I'm writing a C program that outputs to stdout
and errors to stderr
. The program takes a command such as:
./myprogram function_to_run file_to_read
My program can either output to stdout
or be directed to output a file, but it must not be redirected to /dev/null
. For example:
./myprogram function_to_run file_to_read //OK
./myprogram function_to_run file_to_read > file.txt //OK
./myprogram function_to_run file_to_read > /dev/null // NOT OK, should produce error in stderr
I tried to use isatty(1)
, but it only can detect if stdout
is outputting to a terminal. Therefore, it fails for the case where stdout
is redirected to a file, which is acceptable in my case
Is there a way to check for this in C? If not, any suggestion how I could check for the /dev/null scenario?

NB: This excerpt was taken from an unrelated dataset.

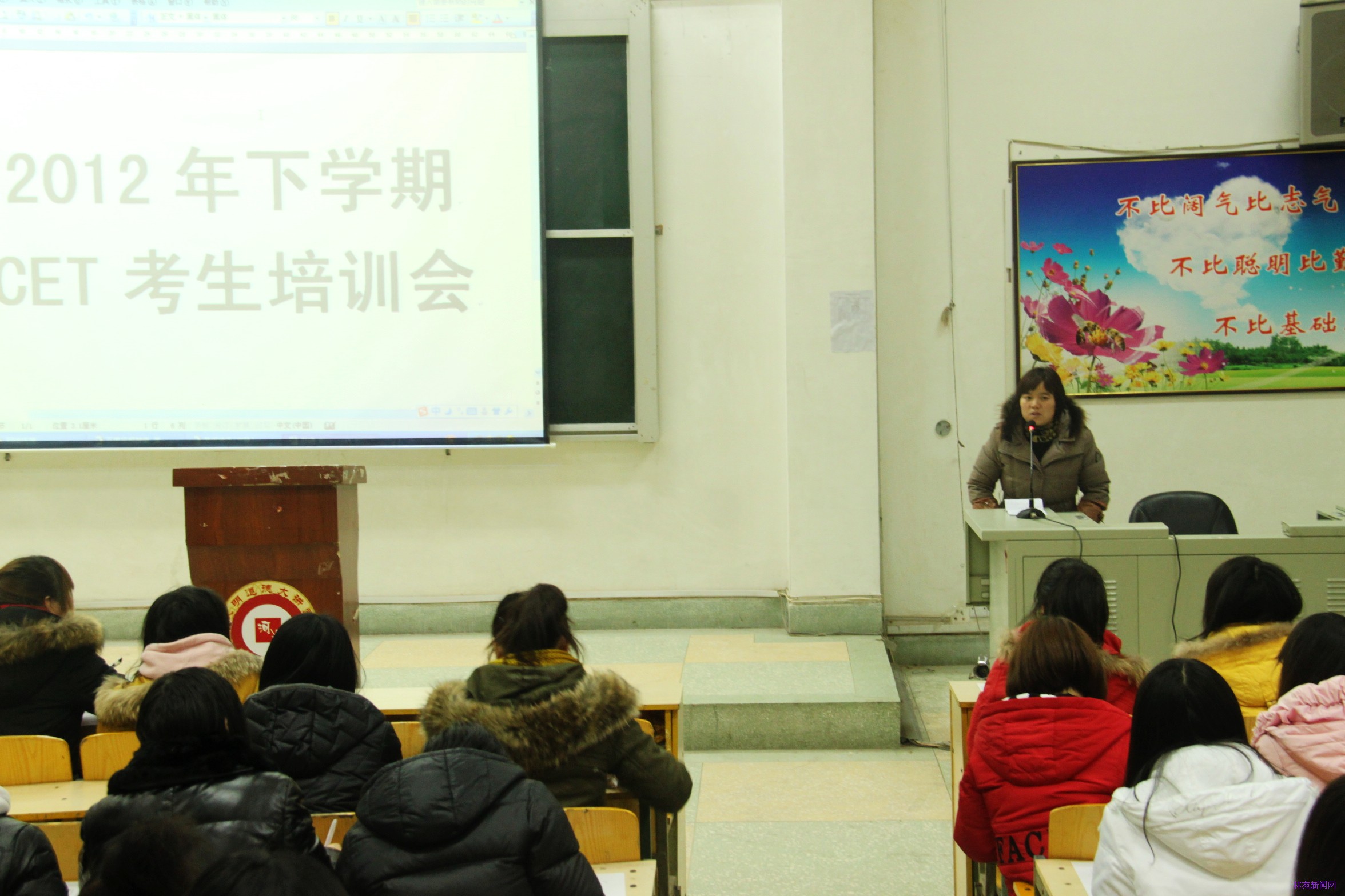 为落实好大学生英语四六级考试工作,严肃考风考纪,提高考试质量,我院于2012年12月19日周三下午16:30在办公楼西阶梯举行英语四六级考试动员大会。本次大会由教务科李世勇副科长主持,学生科刘艳华副科长及此次全体参考学生参加了本次动员大会。

If you are only interested in *nix systems then one solution is to check what /proc/self/fd/1
is linked to. Below is a sample program that does that (error checking omitted for brevity).
#include <stdio.h>
#include <unistd.h>
#include <string.h>
#include <assert.h>
int main (void)
{
char link[256];
ssize_t rval;
rval = readlink("/proc/self/fd/1", link, sizeof(link));
link[rval] = '\0';
if (!strcmp(link, "/dev/null")) {
assert(!"Redirect to /dev/null not allowed!");
} else {
printf("All OK\n");
}
return 0;
}
Sample test runs:
$ ./a.out
All OK
$ ./a.out > some_file
$ cat some_file
All OK
$ ./a.out > /dev/null
a.out: test.c:14: main: Assertion `!"Redirect to /dev/null not allowed!"' failed.